Pokemon Masters has all the landmarks of a quality mobile game, the foundational structure provided by the developers is a very solid one, and the character dynamics and insights are a driving force that makes the game worth playing. However, when trying to gain a deeper understanding of its reward structure and pursue mastery over its systems, the game demands so much meaningless busywork that it becomes difficult to view the game as anything more than a mess. The numbers, rewards, drop rates, difficulty spikes, these mathematical processes are all out of skew, resulting in a game that feels as if it was not properly balanced before release.
In a world of constant patches, updates, and fixes, I generally dislike the prospect of playing and covering games near or at launch, as whatever issues plague a title can indeed be fixed through subsequent updates, improvements, and patches, which go to invalidate one’s criticisms in the long term, and leave me with a twinge of disappointment that I opted to rush in and play through a title while it was relevant, as opposed to waiting for the game to reach its improved state. As I write this I am left hoping that DeNA and The Pokemon Company are hard at work updating and revising the reward structures of this game, because the title deserves better. The time and effort exerted into it deserves to be better represented, and for as dubious as these live service mobile games can be conceptually, I like the idea of having one based entirely around Pokemon battles and fan service. But they… they just messed it up something fierce.

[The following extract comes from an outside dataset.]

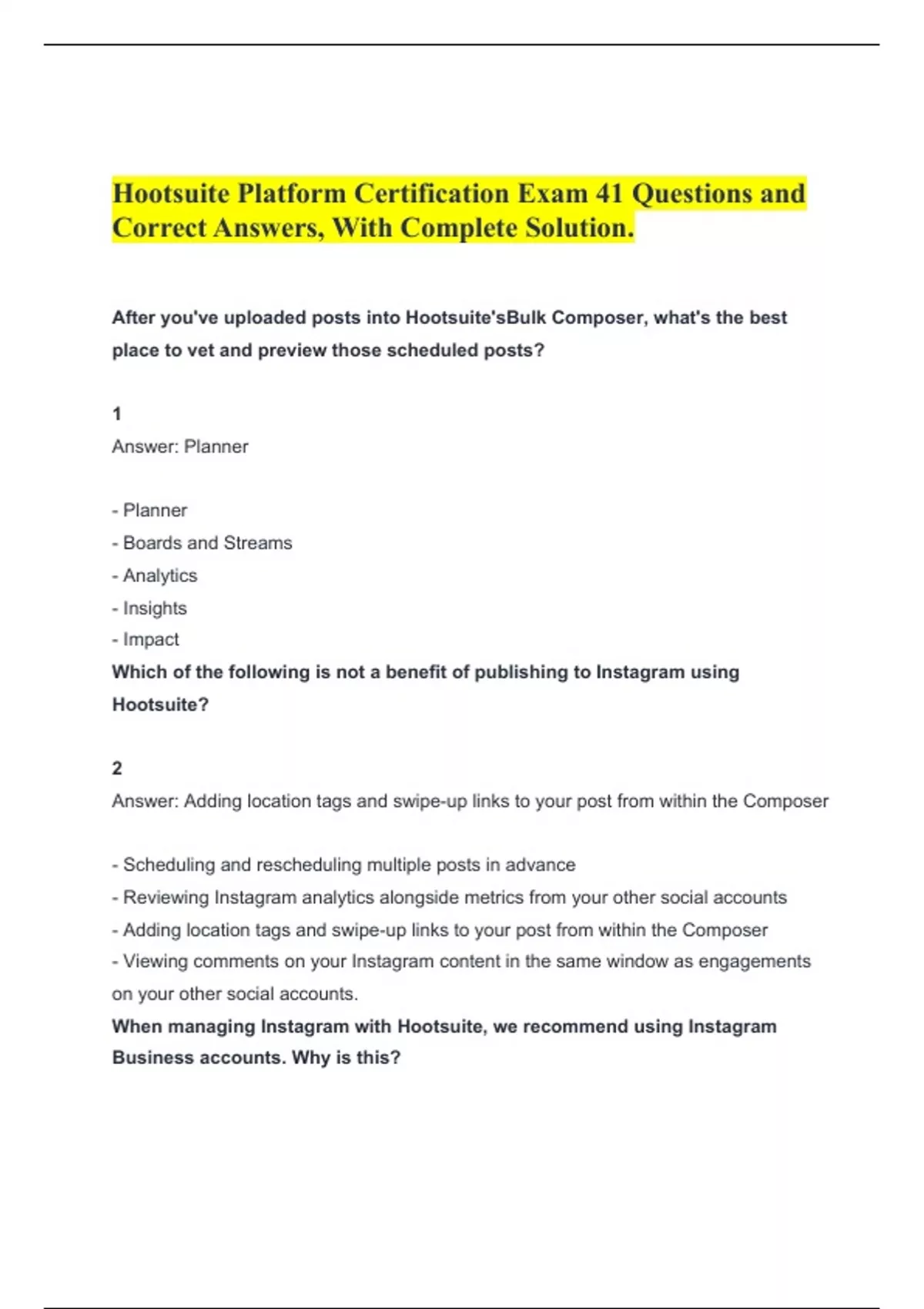 Correct Answers, With Complete Solution.

Or at least that’s my take on things. People seem to have been more receptive to this game’s tactics and already spent over $25 million on the thing, so I might just be crazy.
EDIT (9/11/19): It turns out that I made an incorrect assumption in my data gathering, as I did not realize that the upgrade requirements for characters differed between story and non-story characters. So my numbers are not fully accurate here and there are exceptions to the rules I broke down in detail. But I still stand by what I said, and still think this upgrade system’s requirements are rubbish.